Local LLM Benchmark on Intel Lunar Lake
I wanted to evaluate how Intel’s Lunar Lake performs when running local LLM inference using llama.cpp, and compare it against Apple’s M-series chips.
- Vulkan — a cross-platform GPU compute backend.
- SYCL — a C++-based, cross-platform programming model for heterogeneous computing.
- IPEX-LLM — Intel’s optimized PyTorch extension library designed for low-latency LLM inference and fine-tuning on Intel CPUs and GPUs.
Apple Silicon
To establish a baseline, I first measured Apple’s M-series performance using F16, Q8, and Q4 quantization levels from mistralai/Ministral-3–3B–Instruct–2512–GGUF. The BF16 model was converted to F16 using llama-quantize.
llama-bench on Apple M2
llama-bench on Apple M1 Pro
Intel Lunar Lake
The first run using Vulkan delivered underwhelming results.

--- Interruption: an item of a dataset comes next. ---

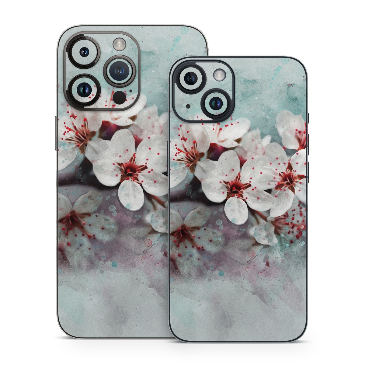 iStyles iPhone 14 Series Skin design of Blossom, Flower, Cherry blossom, Watercolor paint, Plant, Spring, Pink, Petal, Branch, Painting, with white, gray, red, pink, purple, blue colors, and tagged with flowers, cherryblossom, cherryblossoms, flower, flowers, tree, trees, watercolor.
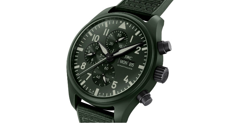 Auf der Uhrenmesse "Watches and Wonders" in Genf stellte IWC Schaffhausen kürzlich zwei neue Top Gun-Chronographen aus kratzfester farbiger Keramik in der Pilot’s Watches Kollektion vor. Die Pilot’s Watch Chronograph Top Gun-Edition "Lake Tahoe" verfügt über ein Gehäuse aus weißer Keramik und ein schwarzes Zifferblatt. Die Pilot’s Watch Chronograph Top Gun-Edition "Woodland" kombiniert ein Gehäuse aus dunkelgrüner Keramik und ein grünes Zifferblatt mit Drückern, Krone und Gehäuseboden aus mattschwarzem Ceratanium. Die Produktion dieser neuen Modelle ist auf je 1.000 Exemplare pro Jahr limitiert.

llama-bench on 258v with Vulkan-backend
When switching to SYCL, optimized for F16 (the only available precision options are F16 and F32), I observed a substantial boost in prompt processing speed (pp or prefill) compared to Vulkan. However, token generation (tg) results were mixed.

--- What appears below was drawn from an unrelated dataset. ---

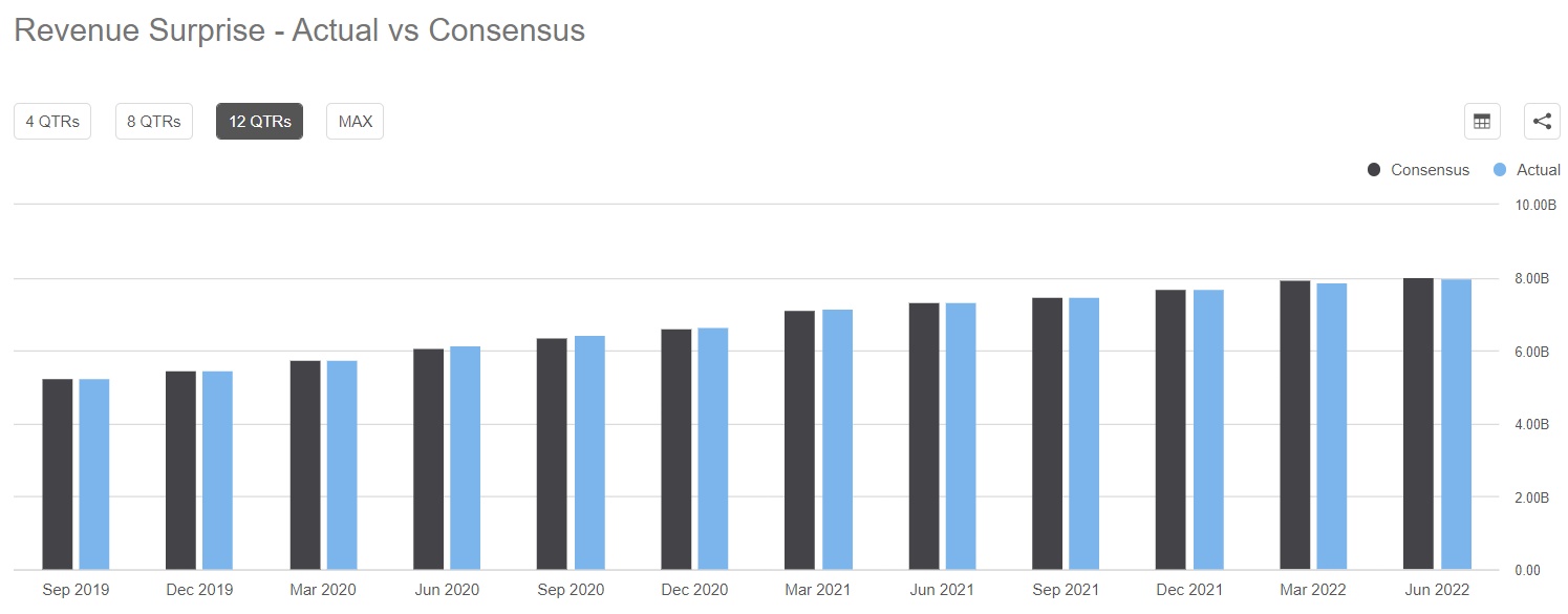 现在是逢低买入该股的机遇吗? 多数分析人士认为明显还未到。在即将发布的盈利报告中,奈飞管理层面临着大量亟待解决的棘手难题,尤其是订阅数据,因此短中期内投资者信心可能难以得到实质性修复。数据显示,奈飞近两个季度的总体营收均未能达到市场普遍预期。

llama-bench on 258v with Sycl-backend
Finally, I attempted the same test using IPEX-LLM, following Intel’s official guide. Intel provides a precompiled llama.cpp binary optimized for IPEX-LLM, but development appears to have stalled — the latest release dates back to April 2025. That version lacks support for newer architectures and models, including Mistral 3, so I was only able to benchmark older ones like Llama 3.
Take Away
Lunar Lake’s integrated GPU (140V) demonstrated impressive prefill throughput when compiled with the SYCL backend — roughly 2× faster than the M1 Pro and nearly on par with the M1 Max. However, token generation speed remains disappointing, comparable to the three-year-old M2.
While Lunar Lake isn’t designed for heavy sustained workloads, it performs decently for long-prompt, short-response tasks. For more balanced workloads, Apple’s M-series still offers better overall inference efficiency.